I used to bring both our shelties, Hoover and Lily, with me on my hikes, but stopped the year we moved into our house. It was a wet summer and the long hair of the dogs, who resemble small collies, would get so muddy I had to bathe them, or at least hose them off, when we got home. Besides, at about an acre, our back yard is big enough that the dogs seemed to get plenty of exercise chasing each other and the squirrels. Then this past November Hoover nearly died from pancreatitis and though, at nearly 14 years old, his recovery was remarkable (thank you Metropolitan Veterinary Hospital), Hoover’s energy has not fully returned. He has instead slid into his old dog days, preferring sleep to all else other than food and affection. While that’s fine for Hoover, Lily is only four and not at all interested in a geriatric lifestyle. And so Lily has joined me and for the better part of the past three months, and on most days she and I have had the park all to ourselves. For Hoover’s sake, I sneak Lily into the car, which is not terribly hard. The silver lining of Hoover’s now near-complete deafness is that he does not hear me call for Lily when we leave, so there are no hard feelings.

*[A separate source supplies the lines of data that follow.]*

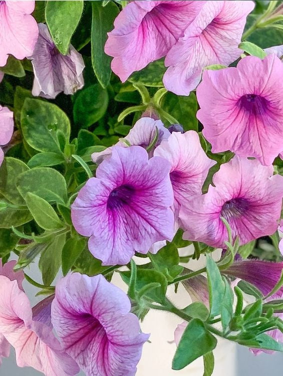 Petuniile sunt flori clasice si foarte populare pentru terase si balcoane, oferind o varietate de culori intense si o înflorire continua. Aceste flori rezistente aduc un strop de veselie si prospetime, fiind ideale pentru ghivece, jardiniere si aranjamente suspendate.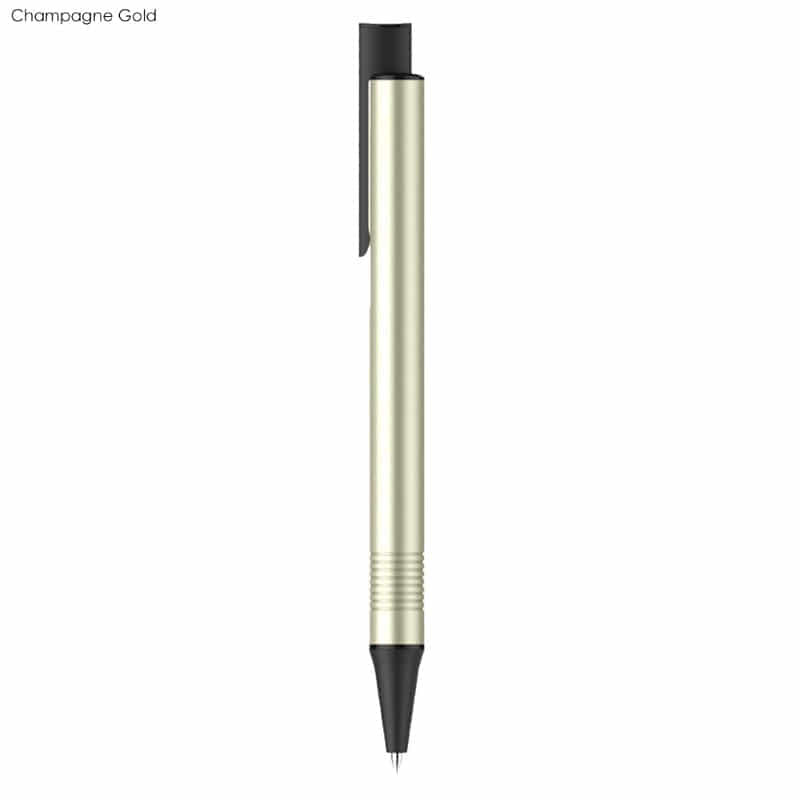 Push button, gloss finish aluminium pen with gold highlights and black ink. This pen can be laser engraved to a shiny gold finish. Writing distance: 2.1 kilometres.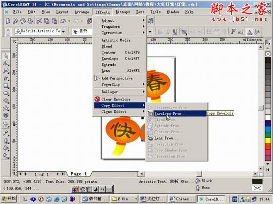 10.选择Text Tool,打出“新”字,将其放到合适的大小,用Interactive Envelope Tool—PReset List—Envelope 1给它加上圆形封套,再用Interactive Transparency Tool,让字看起来象写在灯笼上的。(12)其他几个字的封套和透明效果可以用Effects—Copy Effect直接从“新”字的属性复制过来。(13)
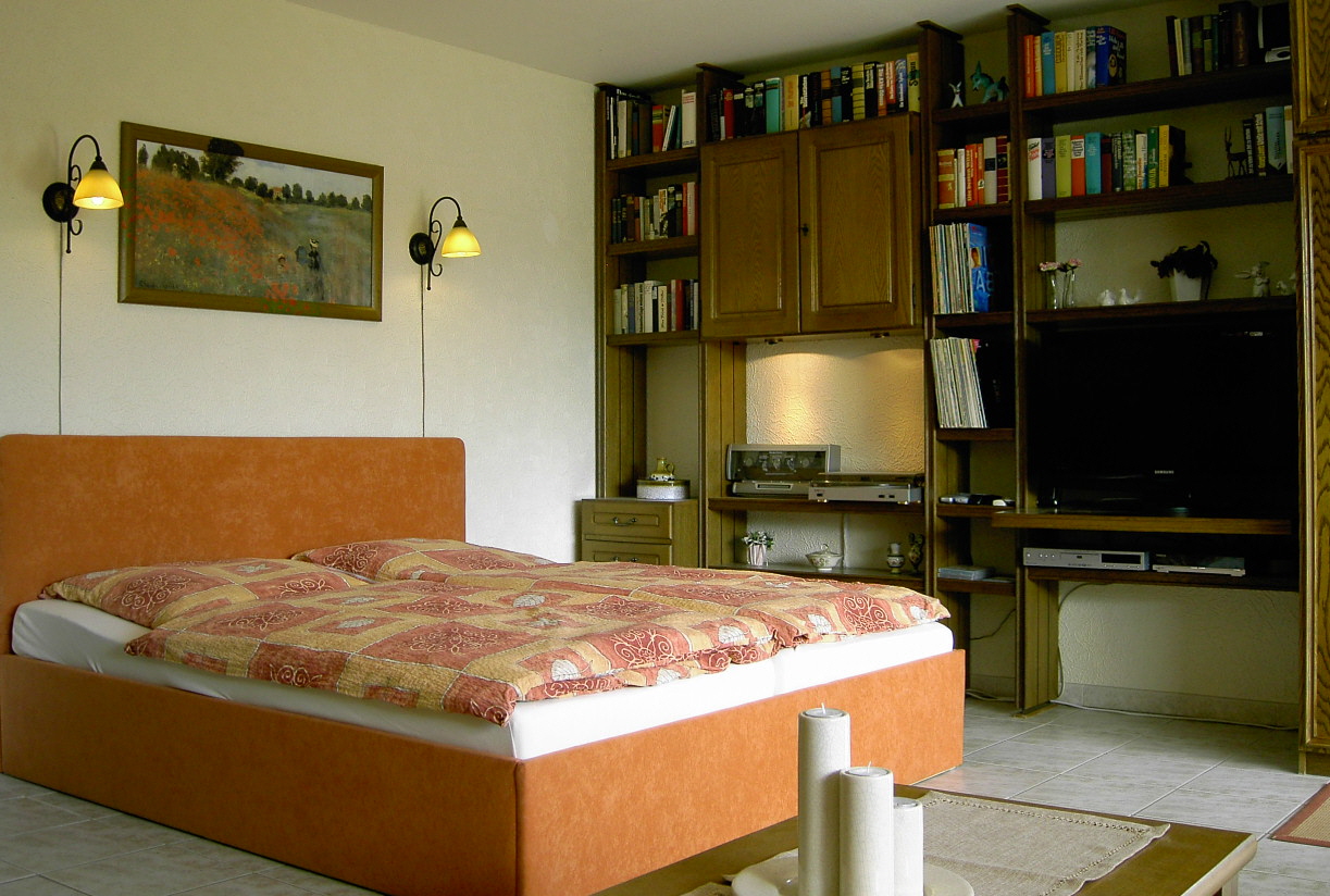 einer Seite befinden sich das Polsterdoppelbett mit Lattenrost

Before Lily, there was Greta, a shepherd mix who loved best of all long hikes. Unlike the shelties, Greta hunted on our hikes. When she was young, she could pick off a squirrel or chipmunk running up the side of a tree and shake it dead before I could even holler for her to stop. Even when she was past her prime and no longer a rodent-killing machine, Greta followed along on hikes, darting after creatures then returning to me over and again. As the years passed, our hikes became walks as Greta moved more slowly. At the end of my daily hike is a steep hill and one summer as I slowly made my way up I noticed only Hoover was with me. Turning to call her, I saw that Greta had lain down on the trail a good 25 yards behind me. I called her and she looked at me. She was a smart dog and if you have ever had a truly smart dog, you know they look at you differently than other dogs do; they look at you knowingly. I hiked down to Greta and helped her up. She ambled a few paces before dropping back to the ground. Not as heavy as she’d been in her prime, she was still easily 40 pounds. I picked her up like a calf, my arms around the tops of her four legs, her body on my chest. I walked as far as I could and set her down, she walked as far as she could and then I picked her back up. We repeated our turns until we crested the hill. Though she lived another year that was her last big hike. From then on, Hoover alone went with me. And now he is the old one, staying home on his bed in the kitchen, happy in the warm fray of the family.

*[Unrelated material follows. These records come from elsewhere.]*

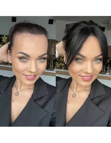 Lady HairGrzywka Hollywood z włosów naturalnych to doskonałe rozwiązanie dla kobiet pragnących dodać sobie uroku i stylu, które borykają się z problemami takimi jak mała ilość włosów do stworzenia grzywki, łysienie czy po prostu chęć odmiany . Ten niezwykle lekki dodatek jest mocowany za pomocą dwóch spinek typu clip-in, co sprawia, że jego aplikacja jest szybka i prosta, a jednocześnie stabilna.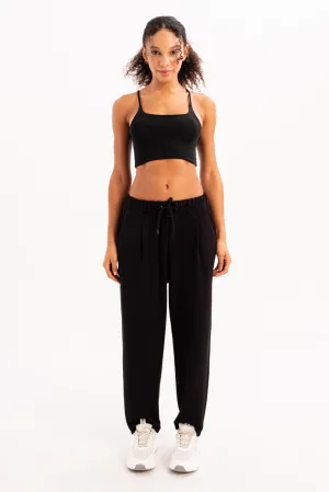 JUSTEVER Oversized Fit Elastische Taille Zakken Relaxte Pasvorm Zwarte Dames Joggingbroek – Flex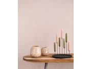 Starorůžové vliesové tapety na zeď, motivy květin a pávů, hrubší textliní struktura.

While spring, of all seasons, heralds birth and beginnings, death never withdraws. For one thing, as the temperatures rise and the snow melts, all the carcasses created in the winter thaw too, a dog’s delight. Until Greta was so old she no longer darted off, I kept her on leash for weeks after the big thaw began, lest she come back smelling of carrion. People also die and on the second day of spring a few years back when the peepers were in high concert season, I received a text message that a friend had succumbed to cancer the day before. The death of that friend, whose youngest children are twins just three years older than Claude, seems to be the first of many people around my age to die at the hand of the Emperor of All Maladies. Tomorrow my son Jules, who is fourteen, and I will be attending the funeral of a classmate’s mother, the second parent in his small Waldorf class to die of cancer. His classmate is the oldest of five children. As a Buddhist, I have no god to rail against for the existence of cancer and its affliction of people who have so much life left to live. And even if I did, what would that change?